Polícia

Familiares de grávida morta estão sem dormir e comer, diz associação da zona Norte de Porto Alegre

Associação Amigos do Recanto do Sabiá acompanha família de Paula Janaína Ferreira Mello após crime na zona Norte da Capital

Paulo Monteiro e Gladis Ferreira, mãe da vítima, no cemitério São Miguel e Almas
Paulo Monteiro e Gladis Ferreira, mãe da vítima, no cemitério São Miguel e Almas Foto : Camila Cunha

O luto engole a família de Paula Janaína Ferreira Mello. A jovem de 25 anos foi morta às vésperas de completar nove meses de gestação, quando daria à luz ao pequeno Endrick, que foi retirado do ventre dela e também acabou morrendo. Uma mulher suspeita de assassinar a grávida para roubar o bebê teve prisão preventiva decretada, mas isso não ameniza a dor de quem convivia com as vítimas.

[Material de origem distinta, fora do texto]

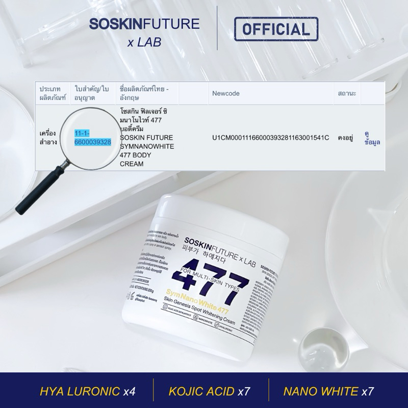 ✅ ของแท้ บริษัทโดยตรง ✅ 🔸🔹 SOSKIN Future x Lab 477 🔹🔸 SymNanoWhite For Mlti-Skin Type ☑️โซลสกิน ฟิลเจอร์ เอ๊กส์ แลป 477 ซิมนาโนไวท์ ฟอร์ มัลติ สกิน ไทป์ ผลิตภัณฑ์ครีมบำรุงผิวกายสูตรเข้มข้น เนื้อบางเบา มีสารป้องกันแสงแดด ซึมซาบไว เกลี่ยง่าย ไม่เหนียวเหนอะหนะ เนื่องจากมีสารป

A Polícia Civil aponta que o crime ocorreu na última segunda-feira, no bairro Mario Quintana, na zona Norte de Porto Alegre. O corpo da gestante foi encontrado no dia seguinte, em um apartamento na rua Amarim. Ela morava a poucas quadras do imóvel, e estaria ali para receber um carrinho de bebê como presente da investigada.

Segundo a Associação Comunitária Amigos do Recanto do Sabiá (Acars), os parentes da grávida ainda estão em choque. A entidade atende 500 famílias na região, com entrega de cestas básicas e outros serviços essências, mas reserva atenção especial ao caso nos últimos dias.

O presidente da associação, Paulo Monteiro, afirma que mãe e companheiro da gestante não conseguem mais comer nem dormir. Ele destaca que a condição emocional do homem é o maior foco de preocupação.

"Estão todos devastados. O crime, além de acabar com a vida de uma mulher grávida e do bebê, também destruiu a família toda. A mãe e o marido não conseguem mais dormir nem se alimentar direito. No caso dele, é como se a vida tivesse acabado. Estamos atentos a isso, e temos prestado todo apoio possível, mas a situação é extremamente preocupante”, lamenta o presidente da Acars.

O jovem de 22 anos é descrito como alguém tímido e introspectivo. Ainda de acordo com Paulo Monteiro, associação e familiares atuam para que ele tenha acompanhamento médico e psicológico durante o período que sucede a tragédia.

"É um jovem que sempre foi muito fechado, e agora isso piorou. Ele virou quase um zumbi após o assassinato da Paula. É como se não houvesse mais um sentido na existência dele. A família nos disse que tenta convencê-lo a receber ajuda profissional em um posto de saúde”, diz o líder comunitário.

No domingo, uma mobilização na zona Norte da Capital clamava por justiça. Os manifestantes percorreram a região até a Praça México, no bairro Jardim Leopoldina. Com faixas e cartazes, eles pediam celeridade na resolução do caso.